Через полчаса, сидя в душной клетушке комнаты связи, – бронированную дверь толпа погромщиков так и не смогла сломать, – Степан внимательно слушал «голос из Лондона». Сэр Энтони был непривычно, да что там «непривычно», попросту неприлично взволнован.

– Майкл, мальчик мой! Надеюсь, у тебя не осталось неоплаченных счетов и неудовлетворенных женщин? – речь сэра Энтони была вполне разборчива, хотя и пробивалась сквозь «пургу» помех. – Да, даже если и остались, забудь о них. Из посольства до особого распоряжения не выходи. Соответствующие инструкции де Рензи-Мартину я уже передал. Тебе предстоит покинуть Мадрид как можно скорее.

– В чем причина такой поспешности?

Но «невинный» вопрос Степана был отметен самым решительным образом.

– Не перебивай! – отрезало начальство. – Мне от тебя сейчас нужно слышать только три слова: «Будет исполнено, сэр!» – и не более того. Все расспросы и мелкие подробности – потом, когда перейдешь португальскую границу. Пока могу сказать только одно: тебе, как и некоторым другим нашим людям в Испании, угрожает серьезная опасность. Я хотел бы оказаться старым паникером, но, похоже, у нас текут трубы, если ты понял, о чем я говорю.

Матвеев понял. Даже слишком хорошо. Значит, как считает его лондонское руководство, произошла утечка информации о действующих в республиканской Испании агентах. Это действительно повод «рвать когти», и именно таким экзотическим способом. В морских портах и на немногих аэровокзалах его, скорее всего, уже ждут. Не важно кто конкретно: местные «красные», «товарищи из Москвы» или, скажем, «приятели Шаунбурга» – разница невелика.

Не прошло и двух часов после телефонного разговора, как аккуратно упакованные вещи Степана были доставлены из гостиницы в посольство, а сам он, в компании Мигеля, уже выезжал из Мадрида на стареньком «форде» с намертво заклиненным в поднятом положении откидным верхом.

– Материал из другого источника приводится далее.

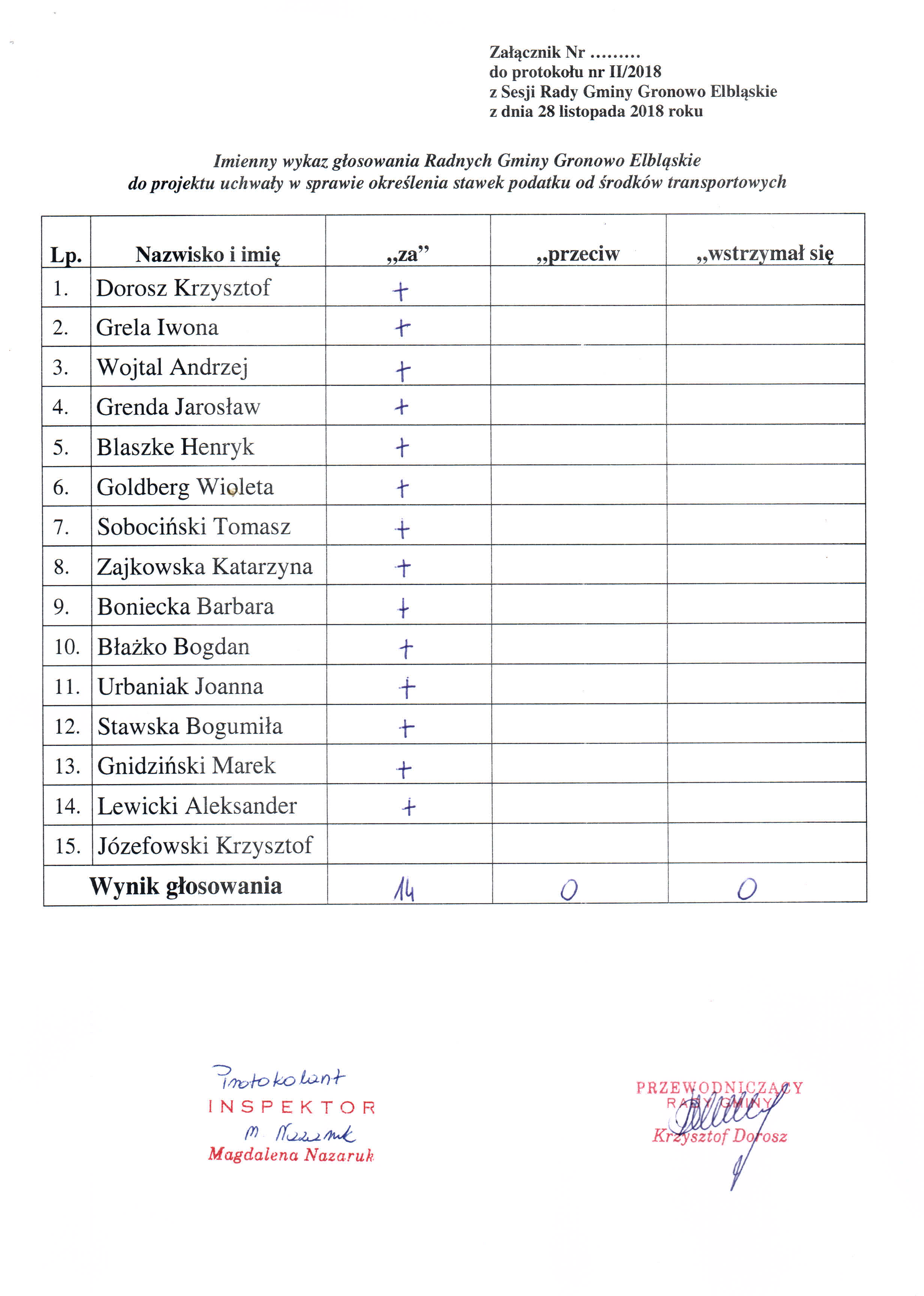 - pkt. 4 i - Imienny wykaz głosowania Radnych Gminy Gronowo Elbląskie w sprawie określenia stawek podatku od środków transportowych

До Кальварассо-де-Аррива, где его должны были ждать люди «с той стороны», чуть больше двух сотен километров по не самой лучшей даже на испанский взгляд дороге. Их Матвеев надеялся преодолеть часов за пять-шесть, если, конечно, не случится ничего непредвиденного.

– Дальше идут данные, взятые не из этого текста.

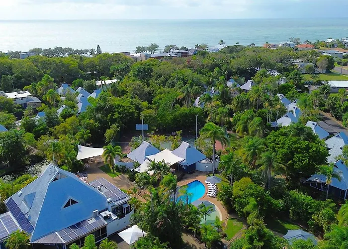 Kellys Beach Resort, a 4-star family-owned establishment, offers self-contained Eco Villas within 2 hectares of gardens. It is situated just one block from Kellys Beach, recognized for swimming and local dining options.
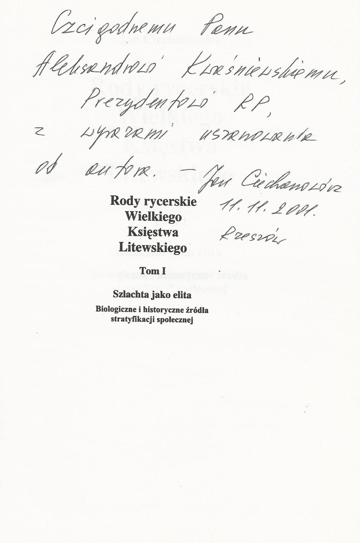 Treść dedykacji: Czcigodnemu Panu Aleksandrowi Kwaśniewskiemu Prezydentowi RP, z wyrazami uszanowania od autora.- Jan Ciechanowicz 11.11.2001. Rzeszów
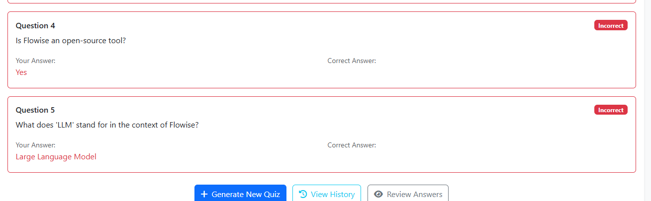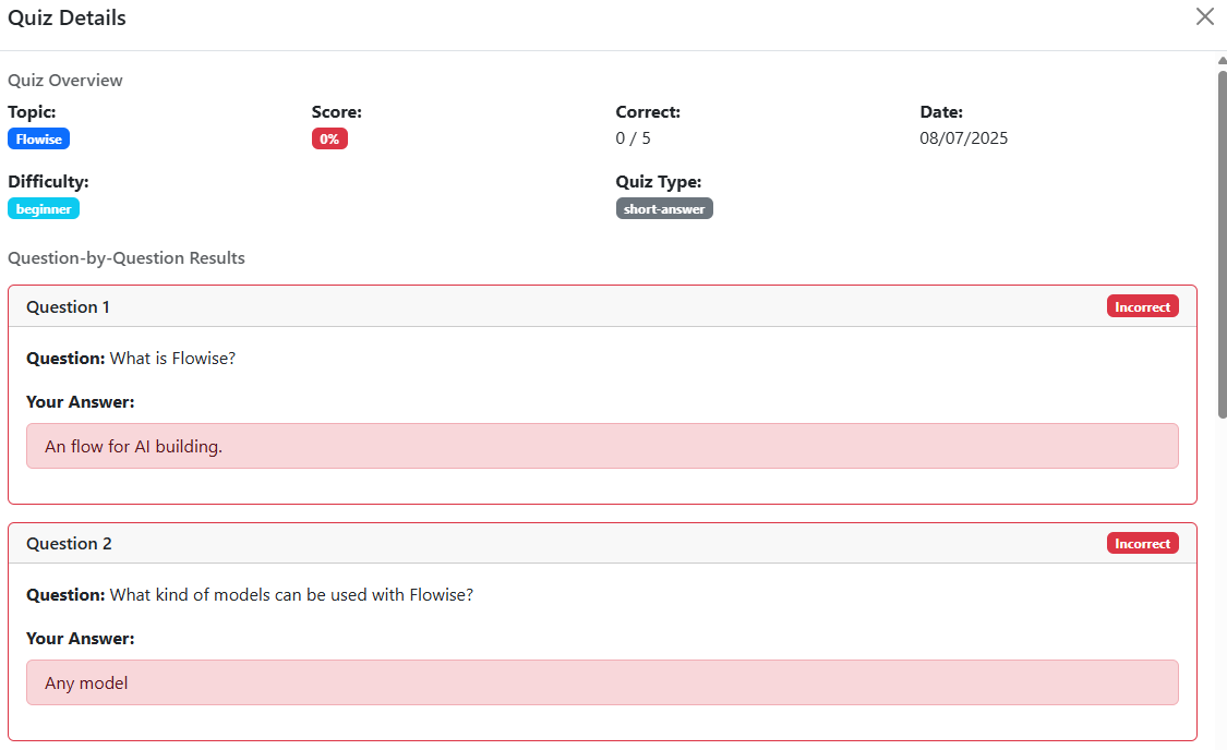 Quiz type "short answer" mode has no answers shown or explaination given #11

Накаркал. Случилось. Да еще как…

* * *

Теперь Степан, в одном нижнем белье – «Как же холодно… И угораздило дурака надеть шелковое… Пижон…» – сидел на заднем сиденье все того же «форда», в окружении напряженно-неподвижных «конвоиров», и беспрепятственно предавался воспоминаниям и размышлениям на тему: «что же пошло не так?».

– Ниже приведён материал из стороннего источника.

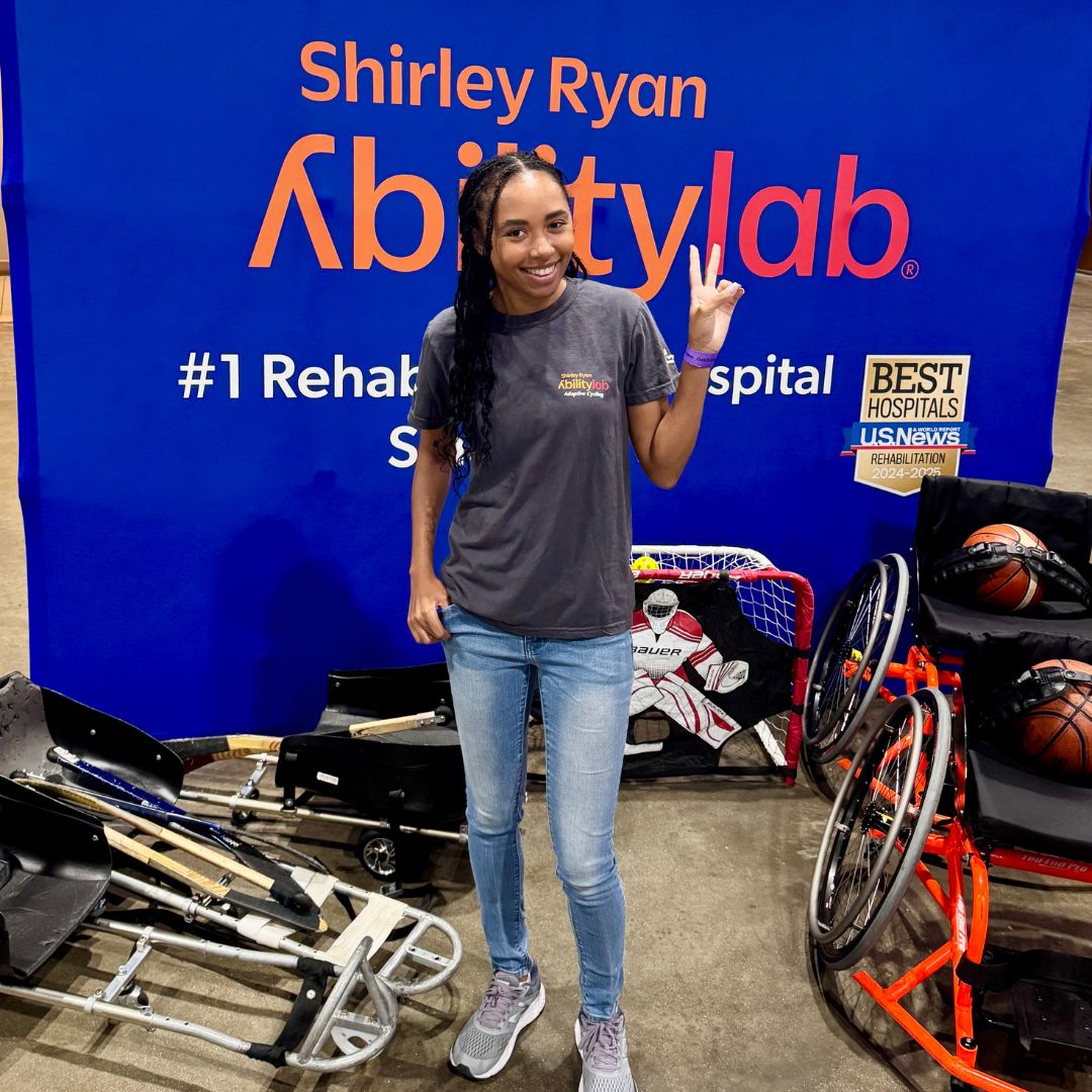 “After my first surgery, I lost myself mentally. After the second, I lost myself physically. I had to learn how to walk again, how to run again. And now… I’m learning to skip — because a 60-year-old at the park challenged me.” Her recovery has been years in the making. During her time training at Shirley Ryan AbilityLab, Alexandria spent three years relearning how to run. Every step forward is a battle against doubt.

Суета перед штабом, как-то неощутимо и сразу, замедлилась и даже словно бы упорядочилась. Из самого большого легкового автомобиля, без сомнения он был главным в колонне, вышли несколько командиров в больших чинах. Матвеев автоматически отметил, что один из них, судя по трем ромбам в петлицах, – комкор, а второй – мама дорогая! – целый командарм второго ранга. Командарм, при внимательном рассмотрении, оказался обладателем длинного носа, густейшей бороды и усов.

«Интересно, кто это? Вот незадача, не помню я тогдашний цвет Красной Армии в лицо, разве что покойного Тухачевского, троих лысых и одного усатого[23]. Впрочем, и тех – смутно. Так… Невысокий, лицо круглое, смуглая кожа, прямой нос, усы щеточкой, будто приклеены над тонкими губами. Конечно! Тем более что комкор здесь может находиться только один – командир Отдельного экспедиционного корпуса, Урицкий Семен Петрович, а вот командарм… Кого же он мне так напоминает?»

Странно, но больше всего командарм был похож на Бармалея. Нет, не того, что сыгран Быковым в «Айболите-66», а мультяшного, озвученного когда-то в будущем Семеном Фарадой. Было в этом военном что-то этакое, «кровожадно-беспощадное», в повороте головы, позе, зычном голосе. И сама собой зазвучала в сознании Степана незатейливая песенка из еще не нарисованного мультфильма.

«Маленькие дети, ни за что на свете, не ходите в Африку гулять…»

Однако долго ломать голову над загадкой личности красного генерала Матвееву не пришлось. Помощь пришла, как обычно, «откуда не ждали». Неподалеку от матвеевского «форда» кто-то невидимый, но судя по тону – командир, запыхавшись, шепотом отчитывал подчиненного. Но таким шепотом, что не услышать его мог только глухой. К тому же крепко спящий.

– Пасынков, лось слеподырый, ты видишь, куда несешься? Стоять! Смирно! Ты что, совсем с нарезки слетел, через площадь с помойным бачком прешься? Там сам товарищ командарм Дыбенко приехал, а тут, нате вам: «Здравствуйте, я красноармеец Пасынков, дежурный по кухне, очистки с объедками несу…» Тьфу! – говоривший смачно сплюнул. – Ослоп ненадобный! Вдоль заборчика давай, в обход, задами-огородами. Да смотри, бачок не урони, дятел шестипалый! Рысью, пшел!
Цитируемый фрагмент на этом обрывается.